Zalando se veut encore plus personnel, grâce à l’IA et aux marques de luxe

Zalando mise pleinement sur la personnalisation : la plateforme de mode souhaite cerner et servir au mieux le client. Pour ce faire l’e-tailer a recours à l’intelligence artificielle et élargit son portefeuille en y ajoutant dix-sept marques de luxe.


Le haut de gamme, une catégorie à forte croissance

A partir du premier trimestre de 2019 Zalando ajoutera dix-sept marques de mode haut de gamme à son offre, dont Diane von Furstenberg, Missoni, Mulberry, See by Chloé et Theory.  Dans un premier temps Zalando proposera les marques en wholesale sur sa plateforme, mais ultérieurement les marques pourront obtenir leur propre espace de vente sur la place de marché de l’e-tailer.


Chez Zalando l’offre premium fait partie des catégories à forte croissance, explique la responsable Lena-Sophie Krups au magazine Drapers. L’e-tailer allemand est devenu une destination de mode crédible, en proposant d’abord des marques plus courantes telles que Michael Kors et Hugo Boss, pour ensuite s’élever plus haut.


Creuser toujours plus loin pour connaître le client

Le mix de marques chez Zalando doit refléter la manière dont les clients font leur shopping, selon Krups. Tenter de cerner le client et répondre personnellement à ses besoins, constitue en effet une priorité absolue pour le groupe de mode, souligne le responsable technologique Reiner Kraft dans une interview accordée au Financieele Dagblad.
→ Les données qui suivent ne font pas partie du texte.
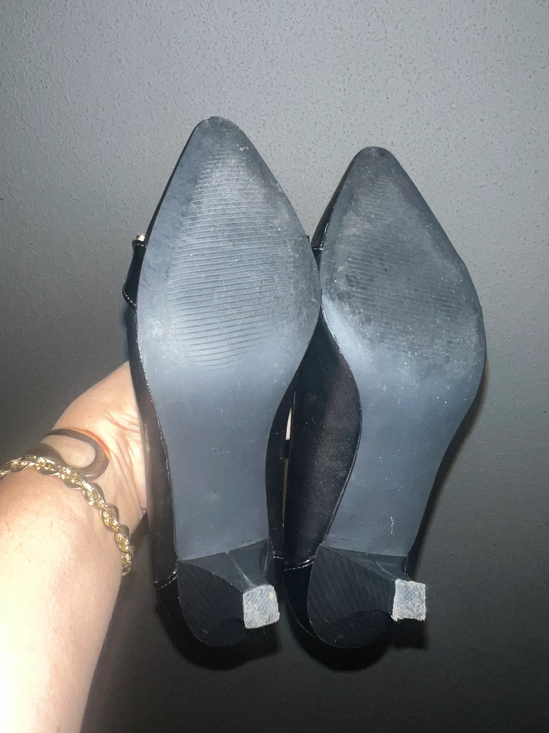 Selling a pair of Alia black heels. They have a stylish design with gold-tone hardware. These heels are perfect for adding a touch of elegance to any outfit. They show some signs of wear but still look great

« Pour nous la personnalisation parfaite sera le sujet central dans les années à venir. Lorsque vous regardez des films sur Netflix ou écoutez de la musique sur Spotify, vous constatez qu’ils ont le don de vous conseiller des films et des chansons. Zalando fait de même pour la mode. Nous creusons toujours plus profond pour mieux connaître notre client », explique Kraft, qui a passé vingt ans à Silicon Valley et qui tant chez IBM que chez Yahoo ! a obtenu le titre de ‘master inventor’.
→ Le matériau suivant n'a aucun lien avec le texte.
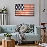UNIQUE SOLID WOOD WALL ART - Here is a lovely, rustic looking image of Old Glory printed on solid fir planks that gives a sense of the age and history that this flag represents PRODUCT TECHNIQUES - Made of real dried-out fir wood, giclee printed on solid fir wood planks, comes ready to hang on wall with 2 saw tooth hangers PROTECTION & INSTALLATION - Each piece is personally inspected before applying corner, pearl wool, plastic bag and carton, ensuring your package arrives unharmed. Saw tooth hangers installation directly on the artwork so it's easy to hang. Just open the box and it's all ready to adorn and brighten your walls! GIFT & PERFECT DECORATION - A perfect Christmas, New Year, Thanksgiving, National Day, Mother's Day, Father's Day, Birthday Gift for National Flag Lovers, your relatives and friends. A great piece to put center stage in your living room, bedroom, dining area, office, etc. PREMIUM QUALITY- Made with high-quality materials, this artwork is durable and long-lasting, providing a timeless addition to your home.

Sous sa direction Zalando est devenu une entreprise technologique vendant de la mode, au lieu d’une entreprise de mode également active dans la technologie, affirme-t-il. Actuellement un employé sur sept au sein de l’entreprise allemande s’occupe de technologie. Selon FD, l’e-tailer aurait l’ambition de devenir « le système d’exploitation central et omniscient du monde de la mode européen ».


« L’homme est paresseux de nature »

Cette approche porte déjà ses fruits, estime Kraft : « Nous constatons qu’une part substantielle de nos ventes est générée par nos suggestions. Nous savons précisément combien de produits sont vendus sur base de la personnalisation et combien nous sont retournés. Le temps est venu dans les années à venir de franchir une nouvelle étape en intégrant l’IA pour créer un effet levier. »


L’objectif final d’ici 2020 est de doubler le chiffre d’affaires annuel à 10 milliards d’euros. Pour ce faire l’entreprise devra disposer de « bien plus de données sur ses clients et d’intelligence artificielle », car « si nous devenons de plus en plus intelligents grâce aux algorithmes, nous saurons mieux que le consommateur ce qui lui convient. »


« Dans un monde futuriste un drone vous livrera un produit que vous n’avez pas commandé, mais dont vous avez besoin endéans les dix minutes. L’homme est paresseux de nature et aime les surprises et les conseils », selon Kraft. Il estime toutefois que la technologie ne peut aller trop loin, car les gens finiraient par perdre leur sens de la créativité, en particulier lorsqu’il s’agit de mode.


En outre il estime que les entreprises se doivent d’assumer leur responsabilité sociétale : « Si les entreprises ne tiennent pas compte de la société, elles creuseront leur propre tombe. Je pense que les actionnaires récompenseront les entreprises responsables. A long terme l’avenir appartiendra à ces entreprises », conclut Kraft.